Législation / Textes relatifs à la justice des mineurs /

Ordonnance royale du 9 septembre 1814

Louis, etc.

Nous étant fait rendre compte de la situation dans laquelle se trouvent les jeunes gens condamnés par notre cour royale du département de la Seine; sachant que, répartis dans plusieurs des prisons de notre bonne ville de Paris, ils sont confondus avec des coupables vieillis dans le crime; que ce prisons n'offrent point encore les distributions nécessaires pour opérer les séparations convenables entre les différents genres de délits, objet que nous nous proposons d'atteindre; considérant que ces jeunes condamnés, plus susceptibles que les autres de reconnaître leur erreur et de mériter de rentrer dans la société, non-seulement sans danger, mais en étant dignes d'y reprendre un rang, doivent être l'objet de notre sollicitude; que, dans les établissements où ils sont disséminés et réunis à d'autres condamnés, ils se trouvent privés des moyens les plus propres à obtenir leur amendement; qu'ils y sont soumis à une discipline et à un régime qui ne les rapprochent point de ce but ; qu'ils n'y reçoivent aucune instruction ; qu'enfin ils y sont sans travail, Avons ordonné ce qui suit:

Article premier
Cent jeunes condamnés criminellement ou correctionnellement par sentence des tribunaux, et n'ayant pas atteint leur vingt-cinquième année, seront extraits des prisons de notre bonne ville de Paris, et réunis dans un local désigné par notre ministre de l'intérieur.

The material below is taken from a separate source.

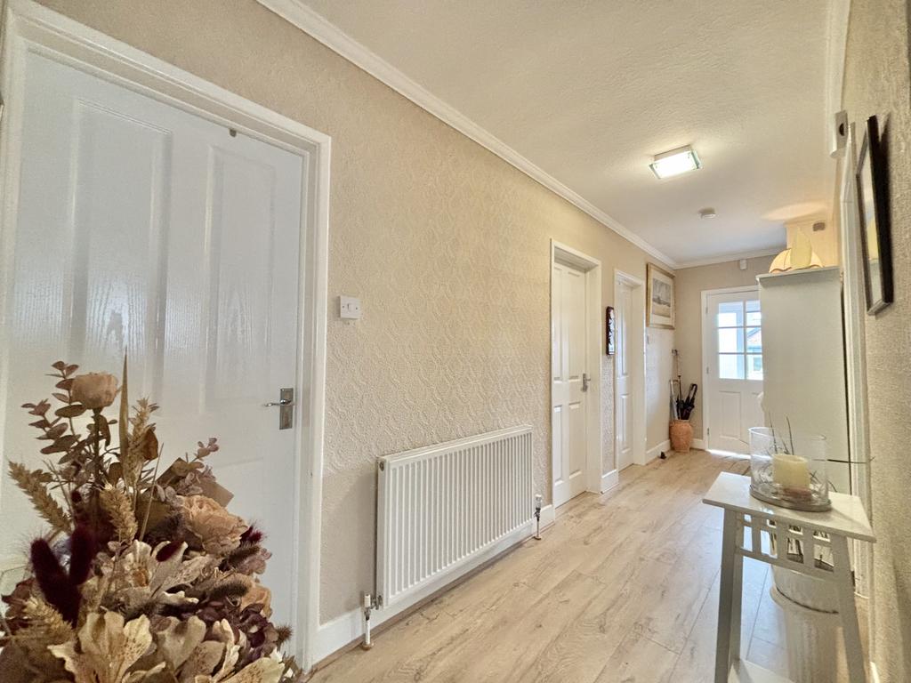 Welcoming entrance hall with a built-in storage cupboard, coved ceiling, and radiator.

2. Il sera établi dans cette maison un ordre, un régime particulier, des moyens d'instruction adaptés aux jeunes condamnés, et des ateliers suivant le genre d'industrie le plus convenable, d'après un examen fait par le conseil.

3. Le directeur de cet établissement sera nommé par nous : il sera chargé de la surveillance, de la direction générale de la police, de celle de l'instruction, du travail des condamnés, de l'administration de la prison: il présentera à la nomination de notre ministre de l'intérieur les employés qu'il croira nécessaires pour le seconder, et sera, d'après la faculté que nous lui accordons, responsable de ce choix.

4. Il y aura un conseil gratuit d'inspection et de surveillance, dont les membres, au nombre de six, seront choisis, par le préfet de la Seine, parmi les propriétaires qui jouissent d'une considération méritée, présentés à notre ministre de l'intérieur et nommés par lui.

5. Le directeur soumettra à l'approbation de notre ministre un règlement qui sera discuté, et subira, s'il y a lieu, les modifications convenables.

6. Il nous sera rendu, tous les trois mois, un compte de l'état de cet établissement sous tous les rapports. Pour que ce compte soit aussi complet que possible, notre ministre nommera à une commission composée d'un conseiller d'État, d'un maître des requêtes, de trois membres de notre Cour de cassation, qui visiteront au moins une fois par mois la maison de correction des jeunes gens du département de la Seine, dans tous ses détails.

7. Le directeur rendra à notre ministre de l'intérieur un compte mensuel, général et détaillé de la maison, un compte des recettes et dépenses.

8. Il sera nommé un instituteur spécialement chargé de l'instruction des jeunes condamnés, et de leur rappeler les devoirs de la morale et de la religion.

9. Nous nous réservons d'accorder, de l'avis de notre chancelier, des graces pour abréger la détention de ceux des prisonniers qui, s'étant fait remarquer par leur conduite, seront jugés dignes d'être rendus à la société.

Notre ministre de l'intérieur est chargé de l'exécution de la présente ordonnance.

Source : Collection complète des lois, décrets, ordonnances, règlemens et avis du Conseil d'État... : de 1788 à 1830 inclusivement, par ordre chronologique, continuée depuis 1830.... Tome 19 / par J.-B. Duvergier, p. 172.